- Information supplied
------------

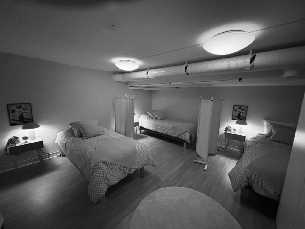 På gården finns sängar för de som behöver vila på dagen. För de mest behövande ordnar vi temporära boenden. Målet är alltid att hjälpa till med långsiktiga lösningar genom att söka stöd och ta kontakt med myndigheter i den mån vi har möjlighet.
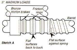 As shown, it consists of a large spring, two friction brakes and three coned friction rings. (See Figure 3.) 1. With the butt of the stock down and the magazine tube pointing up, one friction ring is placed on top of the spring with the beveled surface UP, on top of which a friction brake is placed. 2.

------------

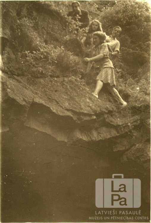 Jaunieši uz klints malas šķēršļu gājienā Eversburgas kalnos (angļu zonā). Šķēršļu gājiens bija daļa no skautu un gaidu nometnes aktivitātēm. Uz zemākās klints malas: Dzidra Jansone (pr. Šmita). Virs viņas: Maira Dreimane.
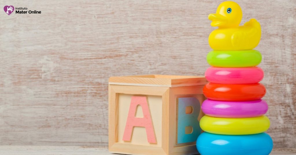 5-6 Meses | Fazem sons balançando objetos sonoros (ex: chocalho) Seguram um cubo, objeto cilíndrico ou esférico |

------------

- Problem to work on
For the material above, give again only the lines starting at the line that contains "På gården finns" and ending at the line that contains "As shown, it". Pictures do not belong in the copy.

- Result below
 På gården finns sängar för de som behöver vila på dagen. För de mest behövande ordnar vi temporära boenden. Målet är alltid att hjälpa till med långsiktiga lösningar genom att söka stöd och ta kontakt med myndigheter i den mån vi har möjlighet.
 As shown, it consists of a large spring, two friction brakes and three coned friction rings. (See Figure 3.) 1. With the butt of the stock down and the magazine tube pointing up, one friction ring is placed on top of the spring with the beveled surface UP, on top of which a friction brake is placed. 2.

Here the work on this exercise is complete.